We examined the effect of temperature on performance on 33 C. polystictus (12 males, 14 females, and seven unsexed juveniles), 31 C. lineata (16 males, 15 females), and 38 T. melanogaster (12 males, 15 females, and 11 juveniles). The curves that best fit the performance data were an exponentially modified Gaussian for C. polystictus (R² = 0.92, Table S2), an asymmetric logistic for C. lineata (R² = 0.94, Table S2), and an extreme value distribution for T. melanogaster (R² = 0.93, Table S2). The TPCs of the three species are represented in Fig. 1. Overall, T. melanogaster reached the highest swimming speeds, whereas C. lineata presented the lowest (X² = 176.02, P < 0.001). C. polystictus presents the highest T_o, followed by T. melanogaster and then C. lineata (Table 1). The TTB of C. polystictus is 37.2 °C, ranging from 5.9 °C to 43.1 °C (Table 1). The T_o (36.7 °C) and the upper limit of the B₈₀ (39.2 °C) of this species are close to the CT_max, which resulted in the lowest TSM among the three species (Fig. 1, Table 1). The TTB of C. lineata is 31.9 °C, ranging from 9.3 to 41.2 °C, whereas that of T. melanogaster is 33.1 °C, ranging from 8.5 °C to 41.6 °C (Table 1). These two species present similar values of T_o (27.8 °C, 28.6 °C) and B₈₀ (20.1–34.3 °C, 20.7–34.9 °C, Table 1).

Resting metabolic rate

We calculated the RMR of 41 C. polystictus (15 males, 19 females, and seven unsexed juveniles), 26 C. lineata (11 males, 13 females, and two juveniles), and 36 T. melanogaster (13 males, 15 females, and eight juveniles). The bigger species had higher absolute values of RMR, with C. polystictus presenting the highest values of RMR (X² = 149.18, P < 0.001; Figs. 2, 3; Table S4). However, after variable transformation and taking body mass into consideration, T. melanogaster had a higher estimated marginal mean (t = −2.56, P < 0.05). No significant differences were found between C. polystictus and C. lineata.

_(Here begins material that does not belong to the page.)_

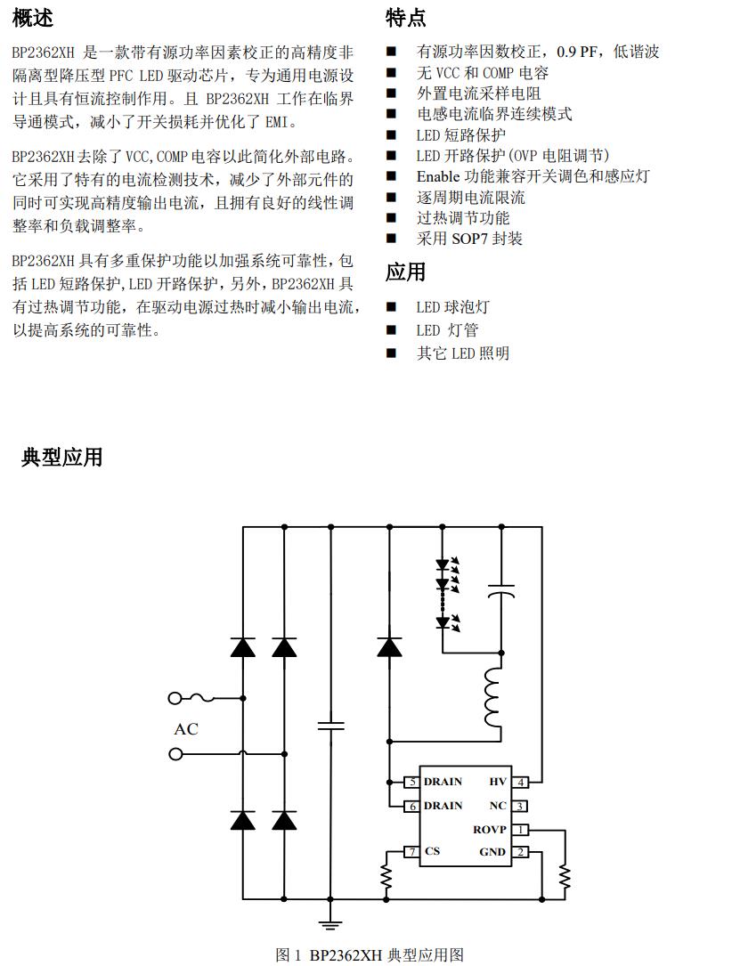 BP2362XH 是一款帶有源功率因素校正的高精度非 隔離型降壓型 PFC LED 驅(qū)動(dòng)芯片,專為通用電源設(shè) 計(jì)且具有恒流控制作用。且 BP2362XH 工作在臨界 導(dǎo)通模式,減小了開關(guān)損耗并優(yōu)化了 EMI。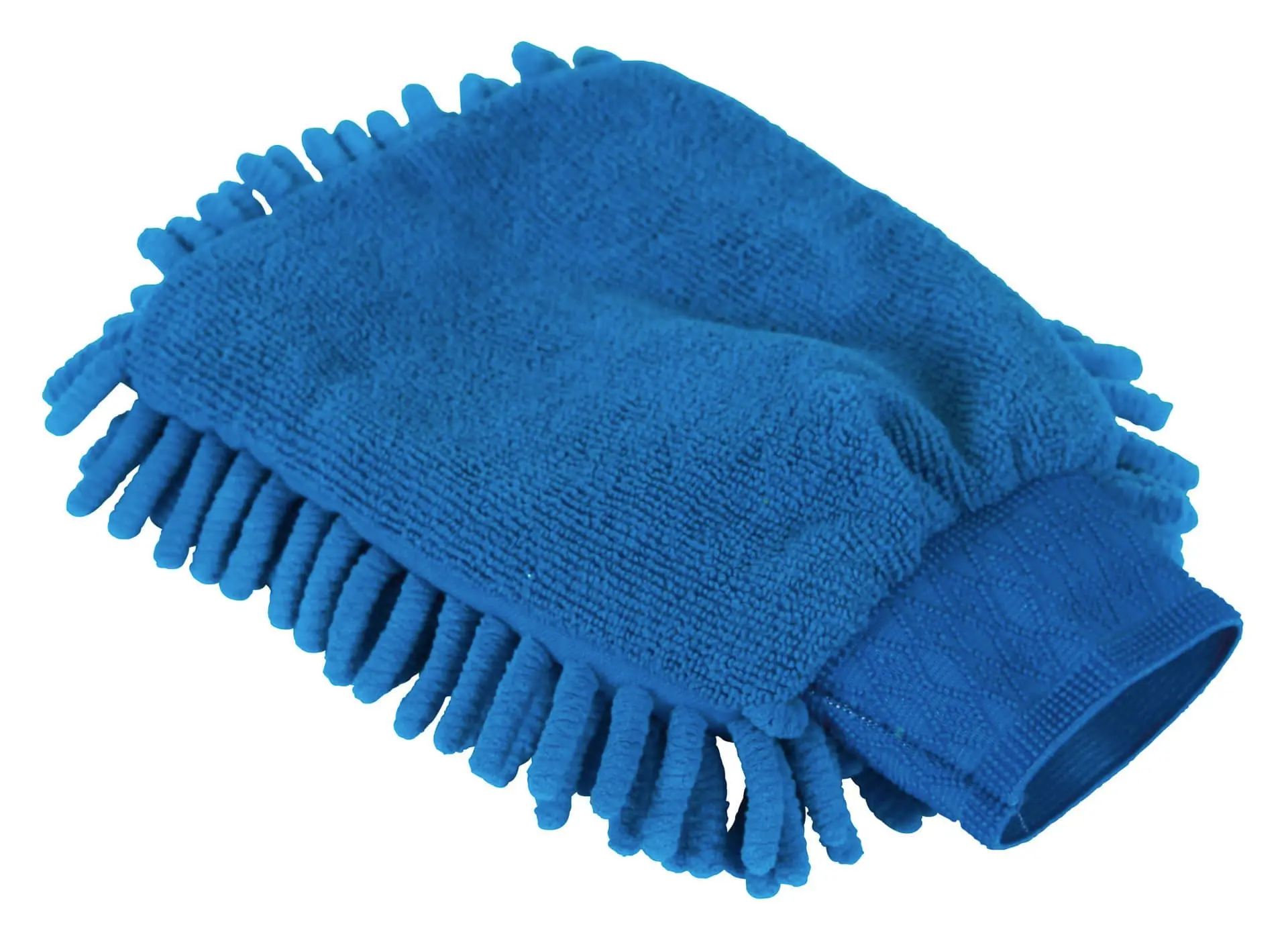 Der Putzhandschuh besteht aus Mikrofasermaterial.

For all three species, the GLMM that best explained RMR included the additive effect of temperature and body mass (RMR~Temperature + Body mass. Conditional R² = 0.96 for C. polystictus, 0.85 for C. lineata, and 0.92 for T. melanogaster). The coefficients of the best models for the three species are presented in Table 2, whereas all tested models with their AICc values are presented in Table S3. In all three species, the thermal treatments affected RMR positively, and this effect increased along with temperature (Table 2). Body mass also had a positive, significant effect on RMR in the three species.

Conopsis lineata and T. melanogaster had very similar values of overall Q₁₀ (2.20, 2.11, Table 3), but C. polystictus had a significantly lower Q₁₀ than the other two species (1.62, X² = 28.447, P < 0.001; post-hoc Dunn test: P < 0.001 in both cases). The variation of Q₁₀ across the thermal treatments was also similar in C. lineata and T. melanogaster. In both species, Q₁₀ progressively decreased from 15 °C to 33 °C but increased abruptly in the 33 °C to 36 °C interval (Table 3). On the other hand, Q₁₀ of C. polystictus increased slightly from 15 °C to 33 °C but also experienced a noticeable increment between 33 °C and 36 °C (Table 3).